Open access to the scientific literature remains a controversial area. To adequately summarize the different arguments and opinions on the matter could easily fill an entire book (Willinsky, 2005). In this commentary, we present the perspective of an open access publisher.
Since BioMed Central launched its pioneering open access journals in 2000, massive progress has been made toward opening up the scientific literature. In the last year, the pace of change has noticeably accelerated, as practical evidence demonstrating the strength of the open access model accumulates.

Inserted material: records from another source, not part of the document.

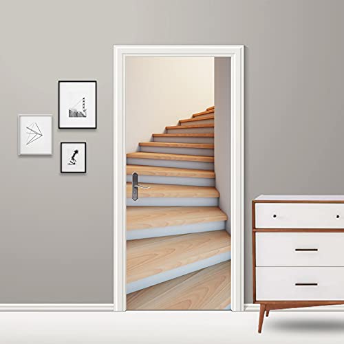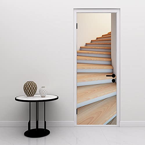 A.Monamour Adesivo Porta Autoadesiva Una Scala A Chiocciola Scala in Legno Scale Vinile PVC Adesivi per Porte Interne 3D Pellicola Adesiva Poster Sticker Murale Decorazione da Parete Carta da Parati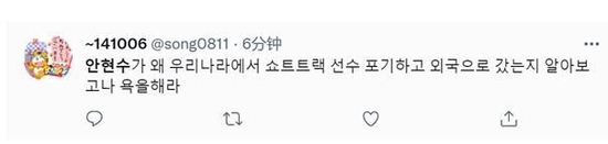 “搞清楚安贤洙为什么放弃韩国短道速滑选手身份去国外,然后再骂他吧。”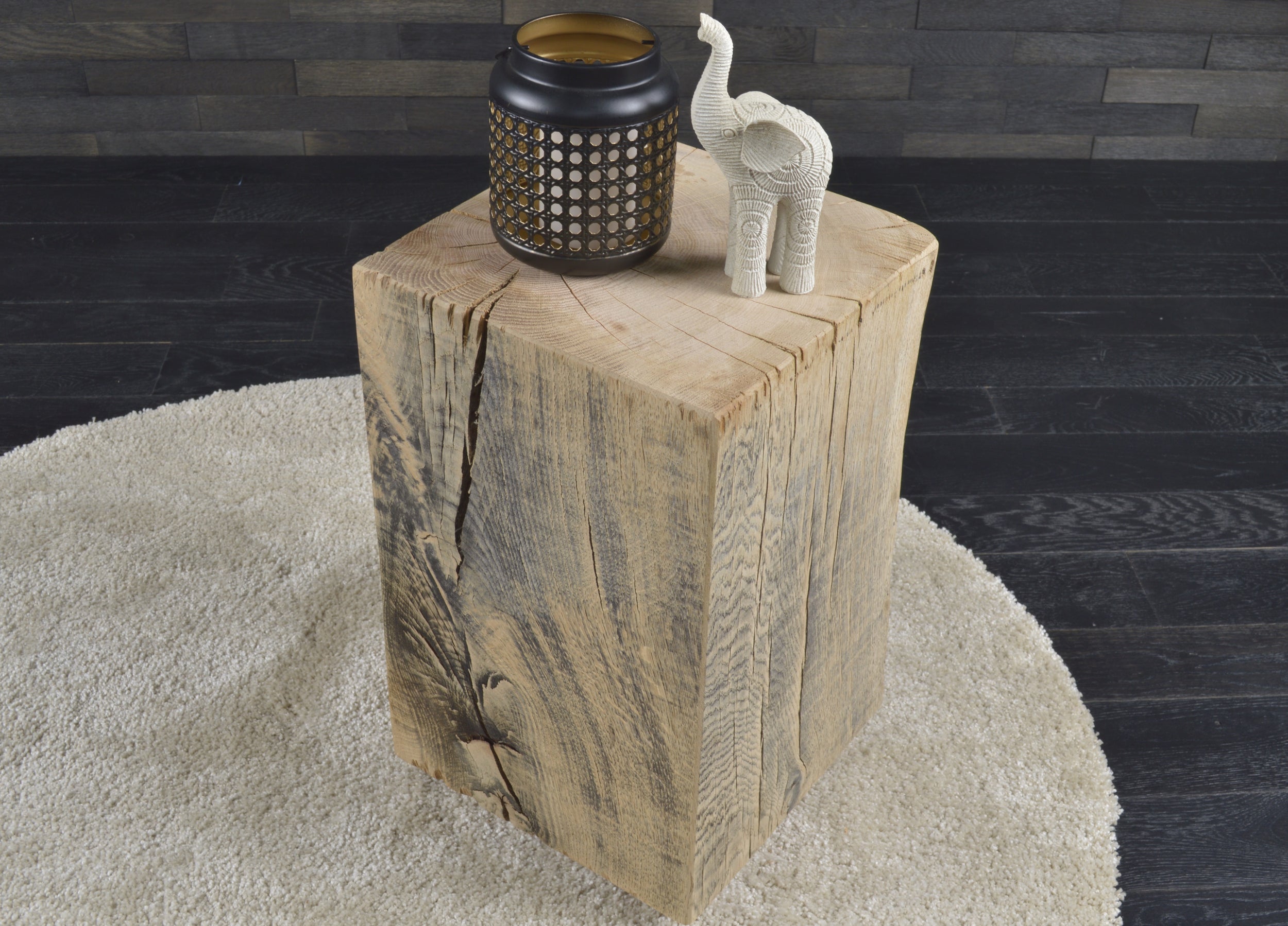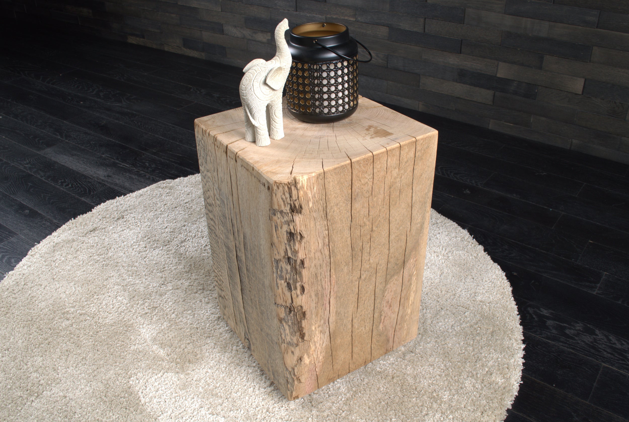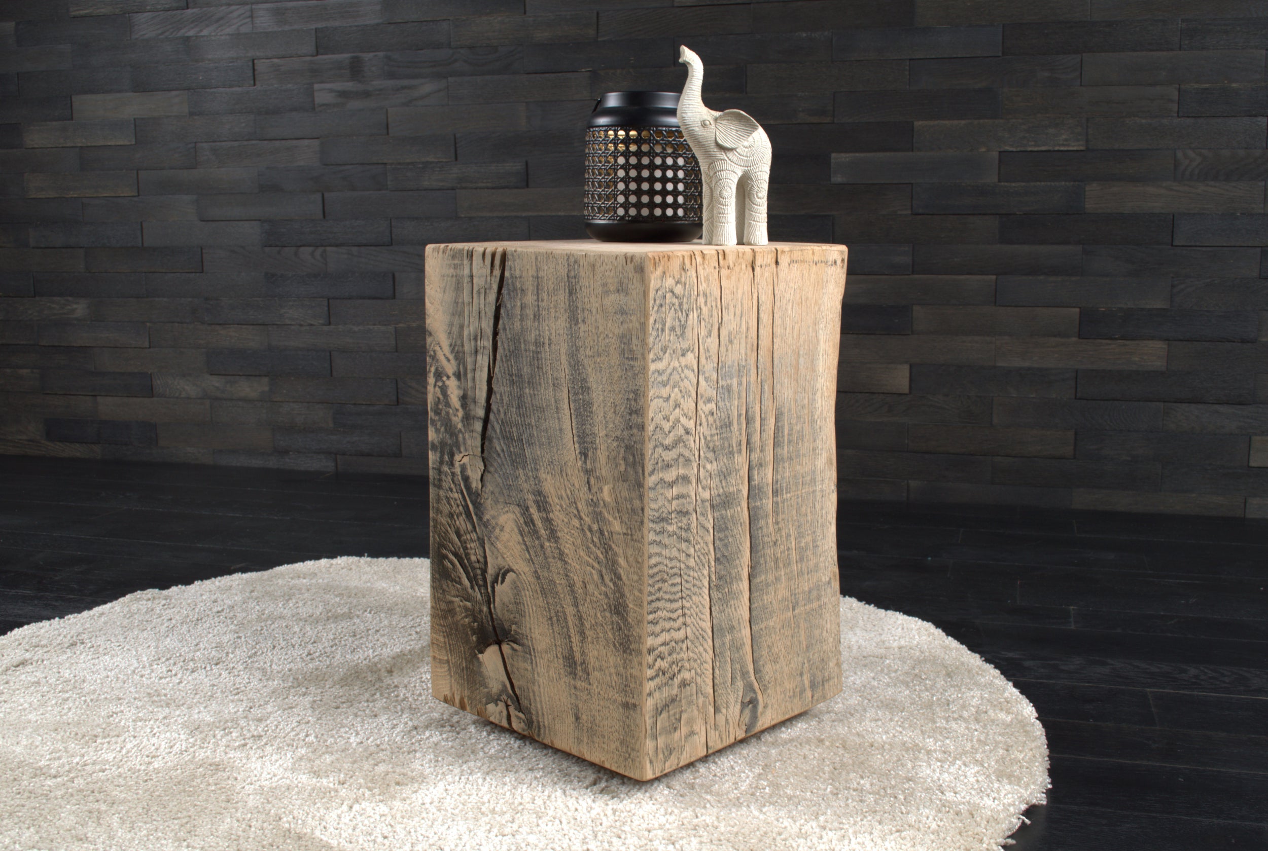 Conçu en chêne massif, chaque bloc présente un veinage unique, avec nœuds et fissures naturelles qui soulignent l’authenticité du matériau. Son format (300 x 300 mm, hauteur 450 mm) s’intègre facilement dans tous les espaces.

In the early days of the open access movement, critics expressed concern about the likely quality of peer review under an open access model. The Thomson-ISI statistics (such as the Genome Biology 2005 impact factor of 9.71) have mostly addressed such criticisms, however. Impact factors are not a perfect measure of journal quality, but they are, by far, the most widely used objective metric for research assessment, and it seems clear that the open access model is entirely compatible with high standards of peer review.
Another frequently raised concern is that open access might not be economically viable or affordable by the scientific community. However, two reports on the economics of science publishing, commissioned by the Wellcome Trust (2003) and by the European Commission (European Commission Directorate-General for Research, 2004), have both concluded that open access publishing can be expected to be more efficient than the traditional model and so should, in fact, be more affordable for the scientific community. The recent news article in Nature on the finances of Public Library of Science (Butler, 2006), which suggested that open access publishing might not be economically sustainable, attracted a strongly worded rebuttal from P. Peters (Peters, 2006) of the Hindawi Publishing Corporation, which already operates a profitable commercial open access publishing business.
An important factor in the recent growth of open access is active support from research funders. Major research funders are no longer willing to let publishers tell them what they can and cannot do with their own research, and this has resulted not just in words but in concrete actions by funding agencies that are determined to maximize access to the research that they have funded.
The National Institutes of Health (NIH) Public Access Policy (http://publicaccess.nih.gov/), launched in February 2005, was an important starting point, although the decision of the NIH to “request” rather than to “require” authors to comply with its policy has resulted in a very low compliance rate of <4%, as of January 2006 (National Institutes of Health, 2006). In contrast, the Wellcome Trust was the first major biomedical funder to require funded researchers to deposit resulting research in an open access archive as a condition of their grant (Wellcome Trust, 2005). Several of the United Kingdom Research Councils have since followed suit (Research Councils UK, 2006).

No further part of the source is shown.